Flavor Variations and Substitutions
- Make it vegetarian by omitting the sausage and using vegetable broth instead of chicken broth. Add extra vegetables, such as diced carrots or celery, to make up for the missing meat.
- For a smokier flavor, add a few slices of bacon to the slow cooker along with the sausage.
- Add extra vegetables, such as okra or corn, to the slow cooker for a more colorful and nutritious dish.
- While anouille sausage is the classic sausage, any smoked sausage will work well.
How to Make Crock Pot Red Beans and Rice
1: Soak the beans, rinse them, and add them to a slow cooker.
2: Add the rest of the ingredients, stir, and cook until the beans are tender.
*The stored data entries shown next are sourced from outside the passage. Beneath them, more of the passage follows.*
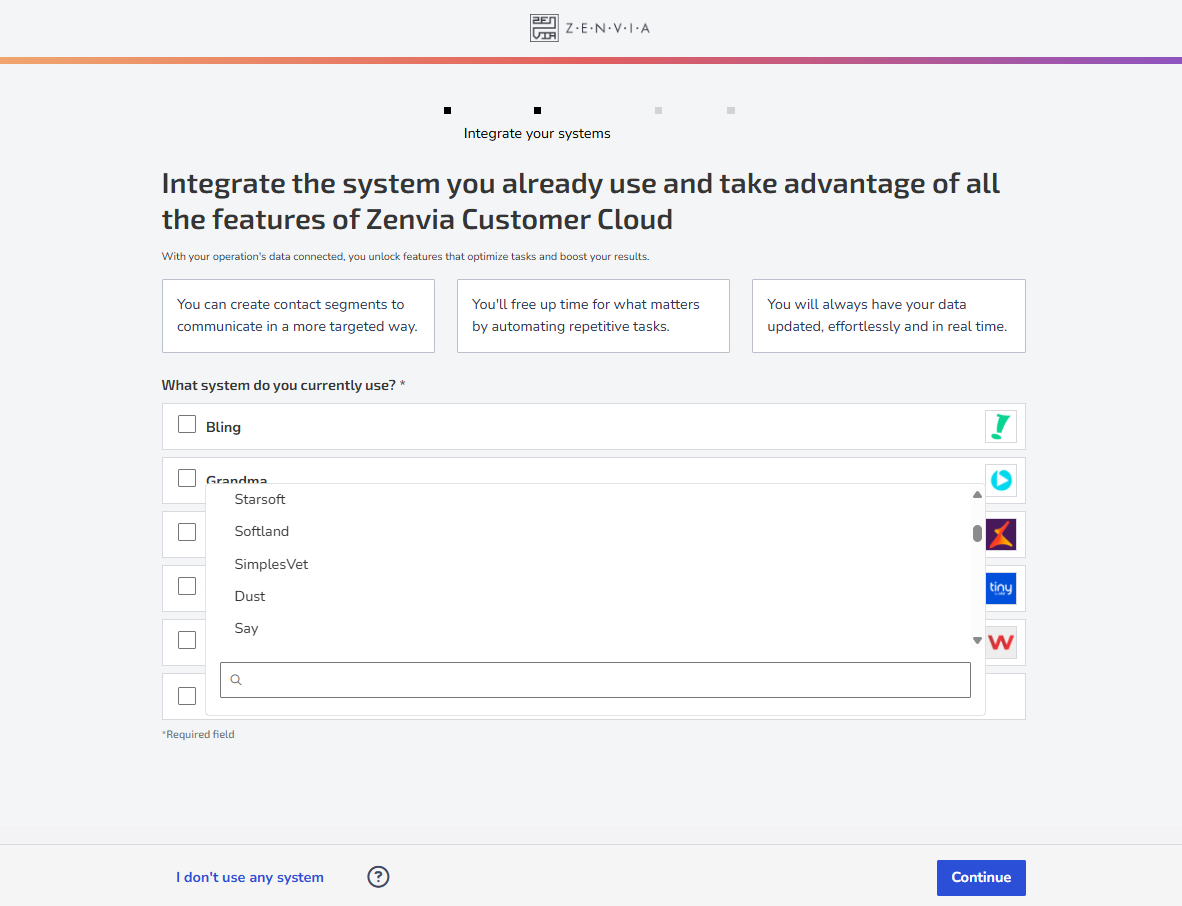After Zoe's introduction, you'll be directed to the Integrate your systems screen. There, you'll see the question: "Which system do you want to integrate?" followed by a list of the most popular systems that can be integrated.
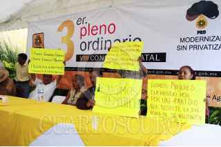 CHILPANCINGO, GUERRERO,19AGOSTO2013.- El día de ayer perredistas del Puerto de Acapulco, irrumpieron el tercer Pleno Ordinario del PRD y el octavo Consejo Estatal, en un conocido restaurante de Chilpancingo. Consigo traían pancartas que exigían la salida de Gregorio Calderón y de Ernesto Mastache, y acusaban al Secretario General del comité del PRD estatal, Evodio Velázquez Aguirre, de imponerlos. Ante la falta de condiciones suspendieron la sesión y la programaron para dentro de 15 días. FOTO: JOSÉ I HERNÁNDEZ / CUARTOSCURO.COM
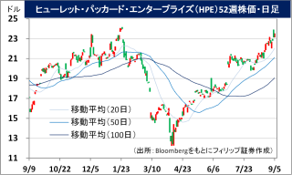 - 通期会社計画は、為替変動の影響を除く売上高が前期比7-9%増、調整後EPSが同5-11%減の1.78-1.90USDと従来計画を据え置いた。サーバーから顧客領域エッジ・コンピューティングまでカバーする定額課金サービス「HPE グリーンレイク・プラットフォーム」は、エヌビディア(NVDA)製の最新GPU搭載サーバーの供給制約問題が解消されつつあることから、利益率の改善が見込まれる。
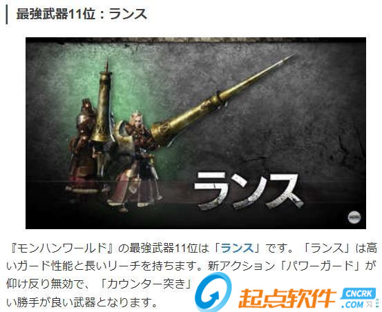 长枪拥有高防御性能和长攻击距离,新招式「力量防御」可使得防御硬直无效,在结合「突刺反击」,是一种非常有效且易于使用的武器。

3: Serve over rice and enjoy.
Hint
Soak the beans for at least an hour to facilitate their cooking. You can soak them longer if you have the time.
Storage
Refrigerate the beans in an air-tight container for up to 5 days. For longer storage, freeze it for up to 3 months in an air-tight container or heavy-duty, freezer-safe bag. Thaw overnight in the refrigerator before reheating.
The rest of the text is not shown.